Leaning Into Pain
LETTER BY BRIAN MORYKON
Have you ever played with one of those toy finger traps?
You put a finger from each hand in opposite ends of a woven tube. When you try to pull your fingers out, the tube tightens. The harder you pull, the tighter you’re trapped. The way to freedom is simple but counterintuitive: push into it.
This metaphor came to my attention in a therapy workbook called Get Out of Your Mind and Into Your Life. It proposes that attempting to avoid painful situations increases suffering and that the inverse, leaning into pain in appropriate ways, can lead to healing.
Decades before that workbook was published, Henri Nouwen explored a similar idea in regard to helping others in their pain:
“Consolation demands that we be cum solus [alone with] the lonely other, and with him or her exactly there where he or she is lonely and where he or she hurts and nowhere else. Consolation is … not the avoidance of pain, but, paradoxically, the deepening of a pain to a level where it can be shared.”

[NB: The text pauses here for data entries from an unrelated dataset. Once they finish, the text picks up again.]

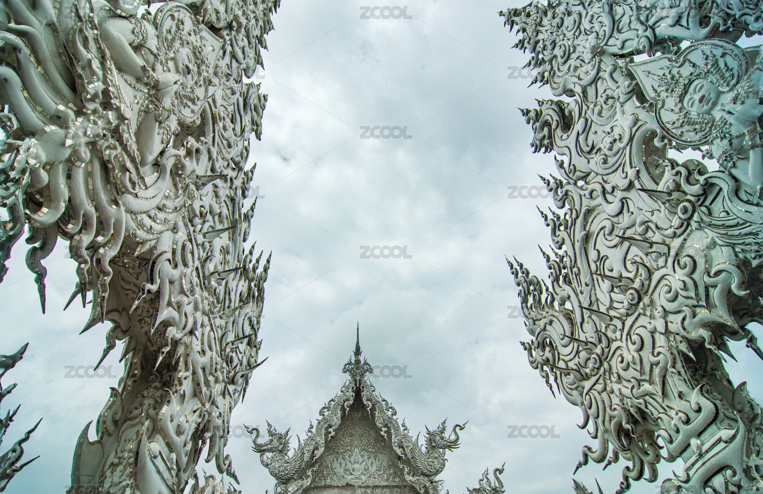 晴空下泰國清邁白廟的屋檐一角
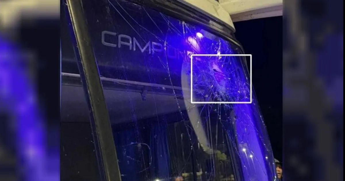 En las imágenes que se filtraron luego de este nuevo hecho de violencia que involucra a un equipo chileno, se pueden observar varios vidrios del micro rotos e incluso piedras clavadas en el frente del mismo.
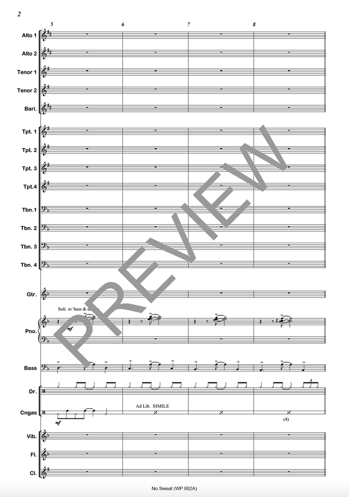 "No Sweat" is a great-sounding swing groove chart with a feature spot for your alto saxophonist (written or ad. lib.).
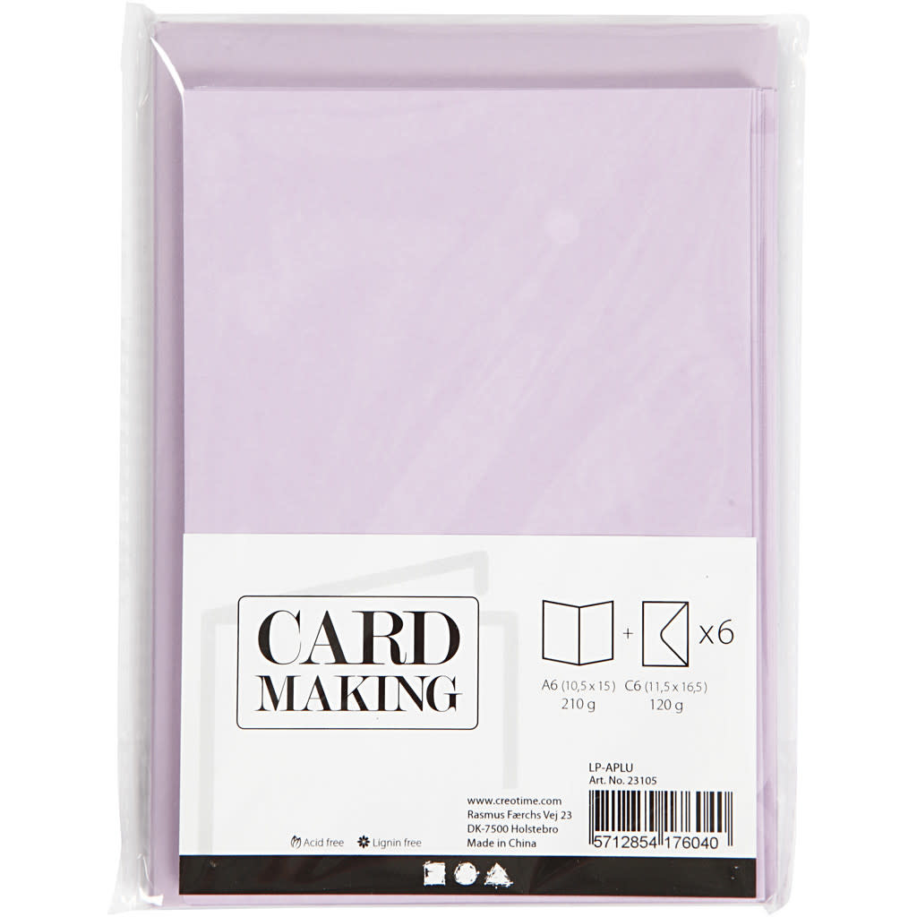 Kaarten + omslagen, Lila, 6st

Henri Nouwen had learned this in part from Vincent van Gogh, who “consciously made the choice to stay close to the suffering of others,” as Carol Berry writes. (Carol is an artist and educator who attended a class Nouwen taught on van Gogh at Yale in the 1970s. She went on to write a book about the two men, which she discusses on the Renovaré Podcast this week.)
It’s normal to want to avoid pain. It’s human nature to want to fix someone who’s suffering. But when you look at the life of Nouwen and Van Gogh, and, more importantly, the life of Jesus, you see that the way to bring something good out of pain is often to lean into it.